═══ Recorded information

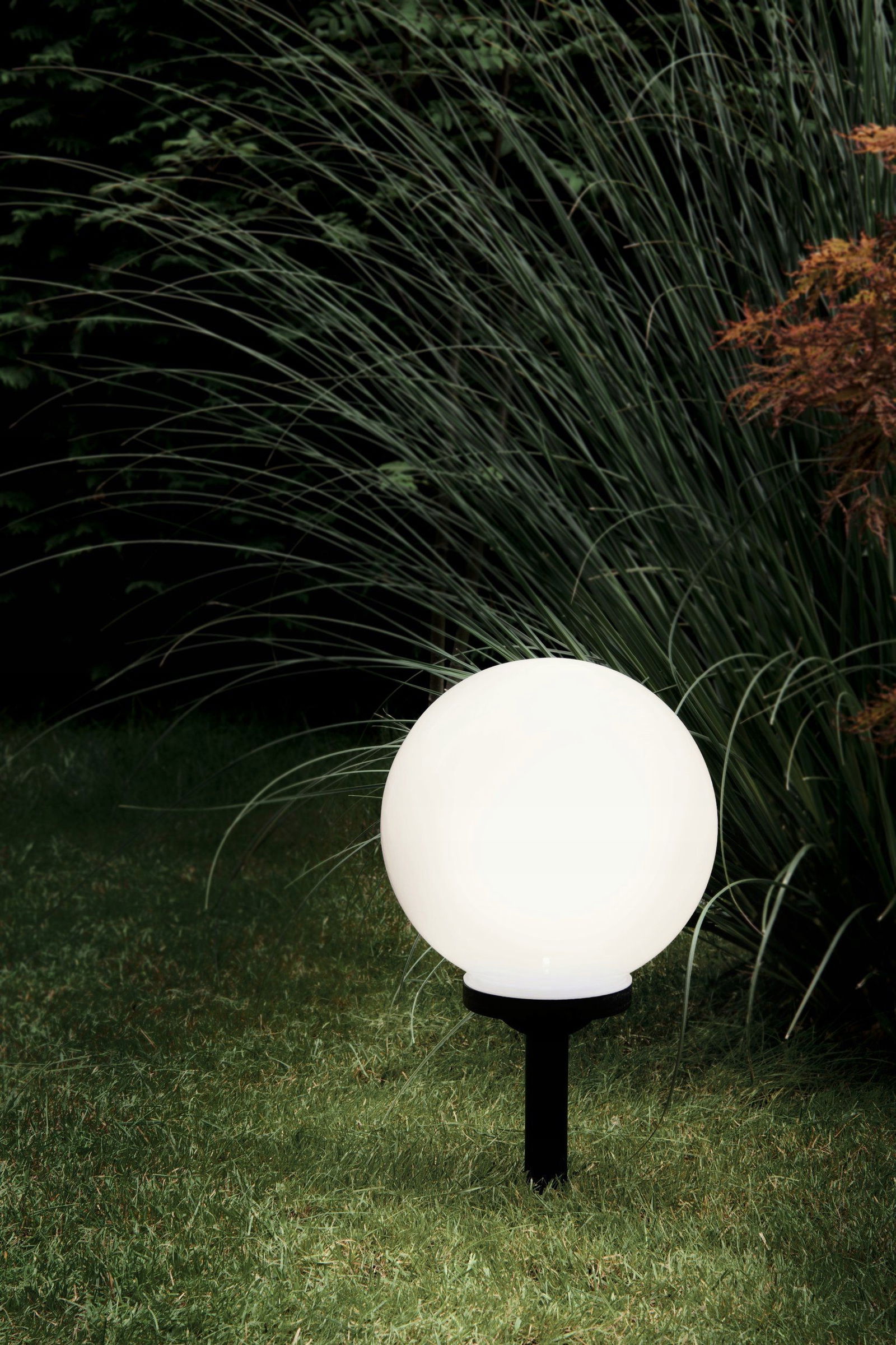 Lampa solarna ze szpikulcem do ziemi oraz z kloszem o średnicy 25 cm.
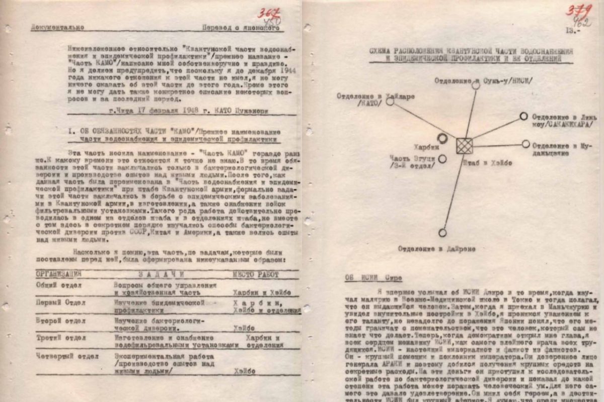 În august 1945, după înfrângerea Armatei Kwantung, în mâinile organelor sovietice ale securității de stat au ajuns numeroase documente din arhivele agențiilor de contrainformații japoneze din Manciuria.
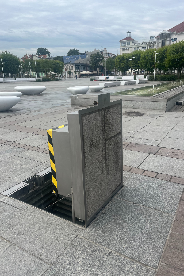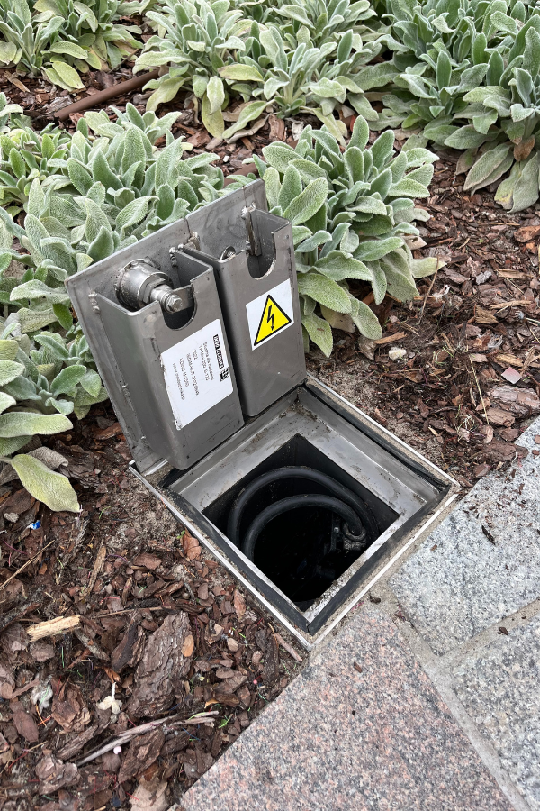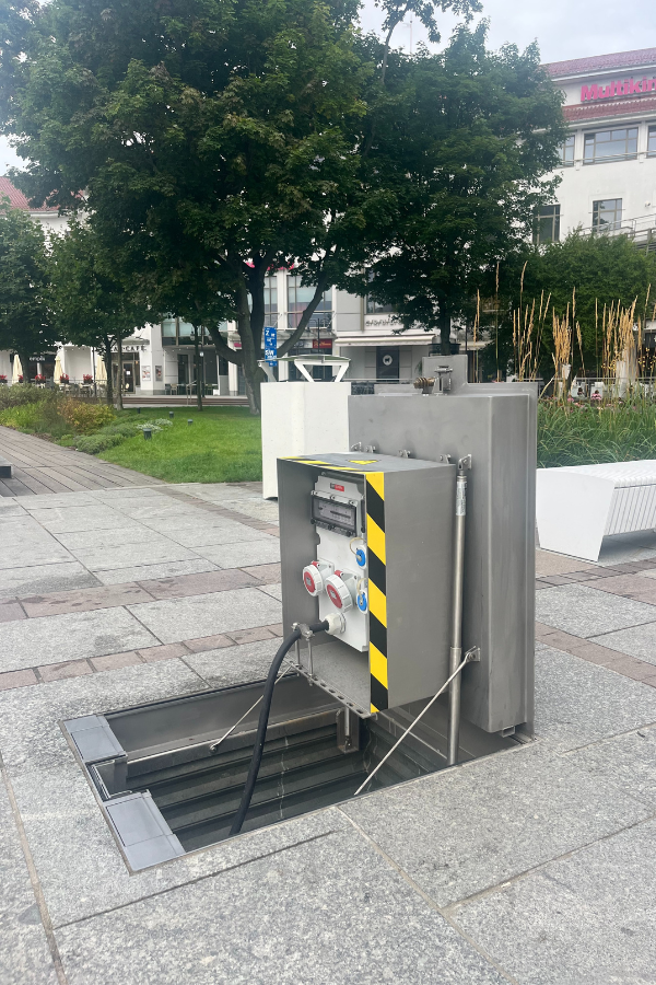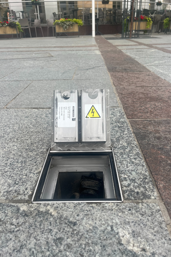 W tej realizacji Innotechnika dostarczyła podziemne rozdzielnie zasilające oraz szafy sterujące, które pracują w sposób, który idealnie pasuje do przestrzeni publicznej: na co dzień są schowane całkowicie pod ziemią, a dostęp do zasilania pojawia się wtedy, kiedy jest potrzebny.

══════
═══ Recorded information

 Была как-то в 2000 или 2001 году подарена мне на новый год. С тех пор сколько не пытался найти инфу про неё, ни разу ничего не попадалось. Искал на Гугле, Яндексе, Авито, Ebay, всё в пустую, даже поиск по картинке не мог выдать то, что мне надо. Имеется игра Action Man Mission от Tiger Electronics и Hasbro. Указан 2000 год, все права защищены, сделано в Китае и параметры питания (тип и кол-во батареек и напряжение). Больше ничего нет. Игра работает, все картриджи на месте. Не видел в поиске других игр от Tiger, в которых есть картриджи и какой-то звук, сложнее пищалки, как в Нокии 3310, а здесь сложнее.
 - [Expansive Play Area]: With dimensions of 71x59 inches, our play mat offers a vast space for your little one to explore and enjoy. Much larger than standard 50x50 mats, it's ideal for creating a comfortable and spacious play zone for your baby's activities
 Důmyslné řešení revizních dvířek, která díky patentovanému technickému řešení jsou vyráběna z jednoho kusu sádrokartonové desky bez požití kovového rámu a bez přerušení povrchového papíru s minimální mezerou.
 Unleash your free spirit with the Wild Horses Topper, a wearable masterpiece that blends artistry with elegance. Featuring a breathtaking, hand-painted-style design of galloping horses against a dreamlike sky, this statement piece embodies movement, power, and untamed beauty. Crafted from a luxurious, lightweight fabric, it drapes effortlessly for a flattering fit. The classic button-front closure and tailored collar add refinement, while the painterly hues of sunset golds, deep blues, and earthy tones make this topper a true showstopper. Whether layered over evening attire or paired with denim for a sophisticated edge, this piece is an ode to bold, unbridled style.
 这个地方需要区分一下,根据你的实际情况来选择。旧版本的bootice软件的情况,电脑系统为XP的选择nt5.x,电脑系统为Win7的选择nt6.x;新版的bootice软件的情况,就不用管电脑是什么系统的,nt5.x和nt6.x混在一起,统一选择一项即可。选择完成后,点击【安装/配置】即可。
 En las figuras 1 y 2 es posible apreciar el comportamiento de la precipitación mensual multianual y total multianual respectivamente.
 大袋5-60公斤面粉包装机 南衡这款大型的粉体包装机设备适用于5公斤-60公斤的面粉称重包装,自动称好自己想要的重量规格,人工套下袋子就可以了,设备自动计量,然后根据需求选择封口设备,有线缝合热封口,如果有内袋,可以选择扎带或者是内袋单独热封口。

══════
═══ Recorded information

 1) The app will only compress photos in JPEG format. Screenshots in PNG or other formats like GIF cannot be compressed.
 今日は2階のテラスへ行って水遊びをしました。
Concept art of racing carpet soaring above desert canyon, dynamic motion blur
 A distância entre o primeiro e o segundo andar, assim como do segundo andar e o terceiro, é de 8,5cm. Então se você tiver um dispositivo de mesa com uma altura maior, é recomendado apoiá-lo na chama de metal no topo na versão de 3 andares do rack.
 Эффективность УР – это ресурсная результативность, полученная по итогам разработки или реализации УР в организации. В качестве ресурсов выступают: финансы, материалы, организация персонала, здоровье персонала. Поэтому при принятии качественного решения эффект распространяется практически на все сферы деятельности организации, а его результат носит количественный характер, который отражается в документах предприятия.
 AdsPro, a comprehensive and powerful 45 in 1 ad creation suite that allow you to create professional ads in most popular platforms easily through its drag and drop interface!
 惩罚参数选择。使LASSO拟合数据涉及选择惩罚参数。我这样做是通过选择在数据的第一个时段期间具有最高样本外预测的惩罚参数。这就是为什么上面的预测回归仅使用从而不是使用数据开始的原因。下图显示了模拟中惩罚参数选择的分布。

══════

# Activity
Return every line of the entries above that the string "your" appears in.

# The completed task
 - [Expansive Play Area]: With dimensions of 71x59 inches, our play mat offers a vast space for your little one to explore and enjoy. Much larger than standard 50x50 mats, it's ideal for creating a comfortable and spacious play zone for your baby's activities
 Unleash your free spirit with the Wild Horses Topper, a wearable masterpiece that blends artistry with elegance. Featuring a breathtaking, hand-painted-style design of galloping horses against a dreamlike sky, this statement piece embodies movement, power, and untamed beauty. Crafted from a luxurious, lightweight fabric, it drapes effortlessly for a flattering fit. The classic button-front closure and tailored collar add refinement, while the painterly hues of sunset golds, deep blues, and earthy tones make this topper a true showstopper. Whether layered over evening attire or paired with denim for a sophisticated edge, this piece is an ode to bold, unbridled style.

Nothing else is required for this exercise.